To get a more accurate view of consumer attitudes toward online behavioral advertising, two researchers at the University of Missouri, Heather Shoenberger, a lawyer and Ph.D. student, and Esther Thorson, associate dean for graduate studies and research at the Missouri School of Journalism, and research director at the University’s Reynolds Journalism Institute, conducted a new study, which presented respondents with real-life situations.
I consulted with Heather and Esther as they planned, carried out, and analyzed the study. And I co-wrote with them our first published report of the study, “Consumer Attitudes Toward Relevant Online Behavioral Advertising: Crucial Evidence in the Data Privacy Debates,” which appears in the August 2013 issue of the Media Law Resource Bulletin.

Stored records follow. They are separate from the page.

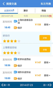 搜搜交通App是一款专门为用户设计快速查询汽车票的手机应用,汇聚了全国各大汽车票售票官网车次信息,是目前国内最全和最权威的车次信息查询应用,如需购票,可上搜搜交通官网 www.sosojt.com购买汽车票!
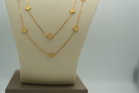 Hammered 16 motif sweet clover necklace 925 silver 18k gold plated
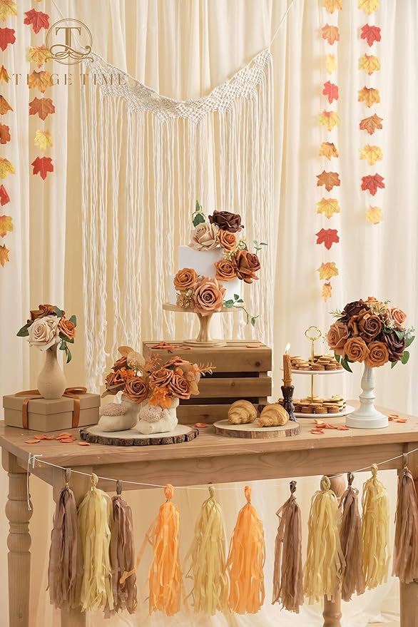 TINGE TIME Artificial Flowers Combo Box Set 16PCS Fake Rose Silk Flower with Stem for DIY Wedding Bouquets Centerpieces Baby Shower Party Home Fall Decoration (Gradient Burnt Orange)

I encourage you to read the full report, but here’s our key finding: Across of a number of real-life scenarios, our survey-takers preferred advertising that was targeted to their interests to advertising that was irrelevant to them. The fact that a group of young adult Internet users would clearly prefer “tailored” advertising to “non-tailored” messages contradicts the assertion that consumers “reject tailored advertising.” In fact, they prefer relevant to irrelevant advertising.

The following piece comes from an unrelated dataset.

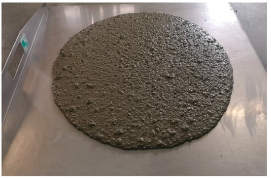 The test results of self-compacting concrete mixtures are presented in Table 11. No signs of segregation of components were observed (Figure 11). The consistency, viscosity and flow rates were obtained in accordance with the requirements for self-compacting concrete mixtures.
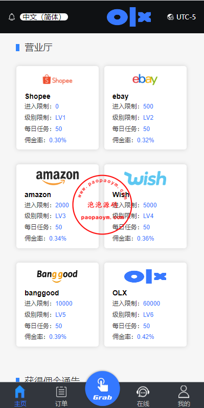 多语言抢单刷单系统/海外抢单刷单/派单/订单自动匹配

Our findings, while not conclusive, suggest that despite previous headlines in the media, consumers do prefer targeted advertising over being served random ads. As policy makers and consumer advocates begin to make decisions about potential regulation for advertisers, a fair privacy debate should focus on the balance between the benefits and detriments of information collection, not on the unlikely contention, as yet unverified by credible evidence, that those benefits do not exist.
Mark Sableman is a partner in Thompson Coburn’s Intellectual Property group. He is the editorial director of Internet Law Twists & Turns. You can find Mark on Google+ and Twitter, and reach him at (314) 552-6103 or email@example.com.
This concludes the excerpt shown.